L\'evy Walks and Path Chaos in the Dispersal of Elongated Structures Moving across Cellular Vortical Flows

TL;DR

This study investigates how semi-rigid filaments move in cellular vortical flows, revealing diverse transport behaviors including Levy walks, ballistic motion, and chaos, influenced by filament length and flexibility, with experimental validation.

Contribution

It uncovers the complex transport dynamics of elongated structures in vortical flows, highlighting the transition from Levy to Brownian walks and chaos in rigid filaments, supported by simulations and experiments.

Findings

Filaments exhibit Levy walks with diffusion exponents decreasing as length increases.

Transport behaviors include random walks, ballistic motion, and trapping.

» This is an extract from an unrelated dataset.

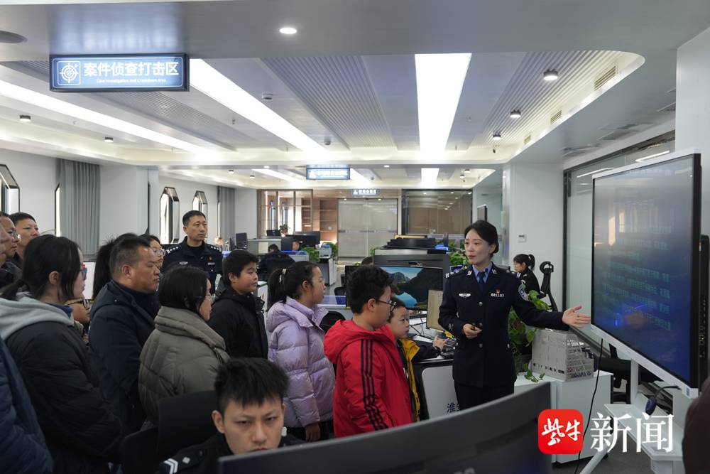 开放日不仅聚焦大型广场互动,更拓展了“警营深度游”维度。市、县(区)公安机关联动,邀请党代表、人大代表、政协委员、企业家代表、警风警纪监督员、民警家属及市民代表,走进110接处警中心、交警支队交管指挥大厅、刑警支队反诈中心、警史馆等警种部门,近距离观摩公安工作流程,直观感受淮安公安在科技强警、规范执法、便民服务等方面的显著成效。“从接警调度到案件办理,从交通管理到政务服务,每一个环节都体现着公安队伍的专业与担当。”企业家代表李先生在参观后表示,淮安公安机关营造的一流法治化营商环境,让我们企业发展更有安全感、更有信心。

Rigid filaments can still display chaotic dynamics and diverse transport states.

Abstract

In cellular vortical flows, namely arrays of counter-rotating vortices, short but flexible filaments can show simple random walks through their stretch-coil interactions with flow stagnation points. Here, we study the dynamics of semi-rigid filaments long enough to broadly sample the vortical field. Using simulation, we find a surprising variety of long-time transport behavior -- random walks, ballistic transport, and trapping -- depending upon the filament's relative length and effective flexibility. Moreover, we find that filaments execute L\'evy walks whose diffusion exponents generally decrease with increasing filament length, until transitioning to Brownian walks. Lyapunov exponents likewise increase with length. Even completely rigid filaments, whose dynamics is finite-dimensional, show a surprising variety of transport states and chaos. Fast filament dispersal is related to an underlying geometry of ``conveyor belts''. Evidence for these various transport states are found in experiments using arrays of counter-rotating rollers, immersed in a fluid and transporting a flexible ribbon.